Guide on How to Use Proteinase K in Different Procedures

How do you dissolve Proteinase K powder?

Proteinase K (Pro K, ProK) is a commonly used protease enzyme in molecular biology, often used for DNA or RNA extraction or for protein digestion. To prepare a stock solution of Proteinase K, follow these steps:

1.   Weigh out the desired amount of Proteinase K powder using a balance. The amount will depend on the specific protocol, but commonly used concentrations range from 10 to 100 mg/mL.

2.   Add the Proteinase K powder to a tube or container.

3.   Add an appropriate volume of buffer or water to the tube or container. The specific buffer or solvent used will depend on the application and protocol being followed. Commonly used buffers include Tris-HCl, ethylene diamine tetraacetic acid (EDTA), or TE buffer.

4.   Mix the contents of the tube or container well by vortexing or pipetting up and down.

5.   Incubate the tube or container at the recommended temperature and time for the specific protocol being followed. Proteinase K is most used at 37 °C, although some protocols may require higher or lower temperatures.

6.   After incubation, the Proteinase K solution is ready to use for downstream applications.

Note: Proteinase K should be stored at -20 °C or below to maintain its stability and activity. It is important to protect proteinase K from exposure to heat, moisture, and other contaminants to ensure optimal performance.
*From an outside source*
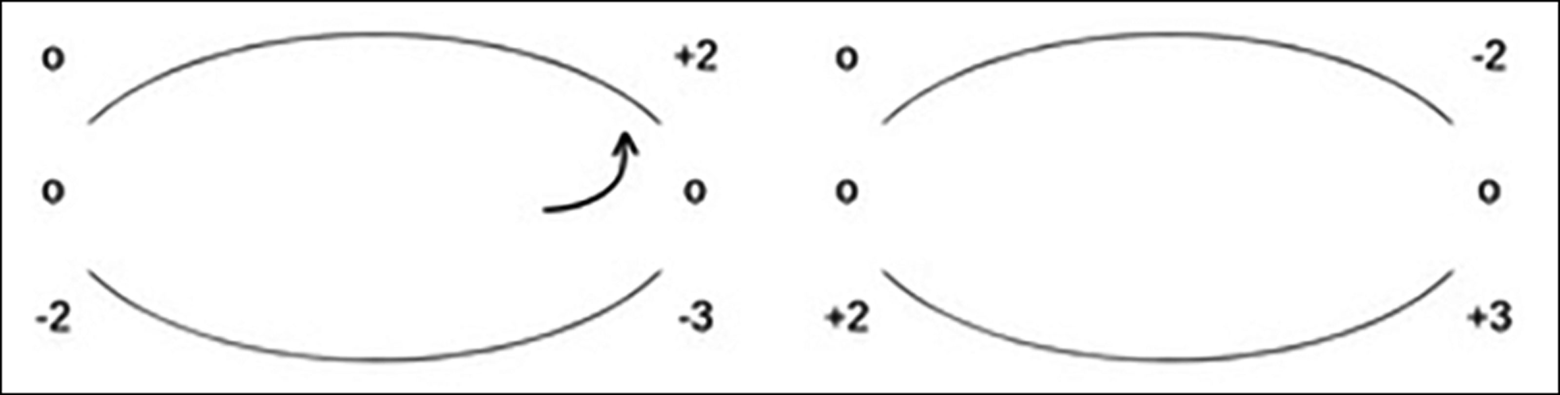 Hering’s law is crucial in understanding muscle under- and overactions. It states that a contracting muscle and its synergistic muscle in the contralateral eye receive equal and simultaneous innervation [3]. It means that when a muscle underacts due to weakness or restriction, the contralateral synergist overacts. On the OM diagram, underactions are represented from -1 to -4, and overactions from +1 to +4. Although the effect also occurs in horizontal muscles, it is only recorded for vertical muscle actions. Arrows denote upshoots or downshoots of an eye on horizontal gaze, due to significant underaction of a vertical muscle.

Can Proteinase K dissolve in water?

Proteinase K (Pro K, Prok) can dissolve in water, but the specific solvent used will depend on the application and protocol being followed. Proteinase K is a protease enzyme that can be denatured or inactivated by certain solvents or conditions, so it is important to follow the manufacturer's instructions, or the specific protocol being used to ensure optimal activity.

While proteinase K is commonly dissolved in water or buffer solutions such as Tris-HCl or TE buffer, it is important to note that the specific buffer or solvent used can affect the stability of the enzyme. For example, proteinase K is inactivated by high concentrations of detergents such as sodium dodecyl sulfate (SDS), so it should not be dissolved in solutions containing high concentrations of these reagents.

Before dissolving proteinase K in water or any other solvent, it is important to review the specific protocol and manufacturer's instructions to ensure that the correct solvent and conditions are used for the intended application.

What is the best pH for Proteinase K?

The optimal pH for proteinase K activity is around 8.0 to 9.0. Proteinase K is a serine protease that has broad specificity for cleaving peptide bonds in proteins. The enzyme is active over a wide pH range, with some activity observed at pH 4.0 to 12.0, but the highest activity is typically observed at neutral to slightly basic pH values.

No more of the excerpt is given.